#### Task brief
The lines to repeat are those below from the one containing "今日の1時間目は、1年生を迎" down to the one containing "read the sentences", both included; reproduce them exactly and nothing else.

#### Input material
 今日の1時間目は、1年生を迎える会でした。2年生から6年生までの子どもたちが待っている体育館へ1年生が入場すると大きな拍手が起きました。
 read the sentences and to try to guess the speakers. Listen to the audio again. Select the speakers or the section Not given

---

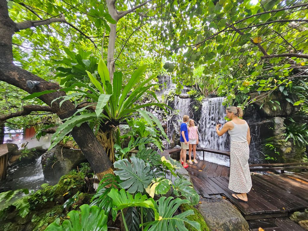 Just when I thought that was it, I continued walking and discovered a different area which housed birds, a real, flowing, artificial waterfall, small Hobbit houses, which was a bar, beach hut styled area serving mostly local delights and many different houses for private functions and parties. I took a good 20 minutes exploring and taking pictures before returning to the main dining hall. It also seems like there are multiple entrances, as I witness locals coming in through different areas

#### Solved problem
 今日の1時間目は、1年生を迎える会でした。2年生から6年生までの子どもたちが待っている体育館へ1年生が入場すると大きな拍手が起きました。
 read the sentences and to try to guess the speakers. Listen to the audio again. Select the speakers or the section Not given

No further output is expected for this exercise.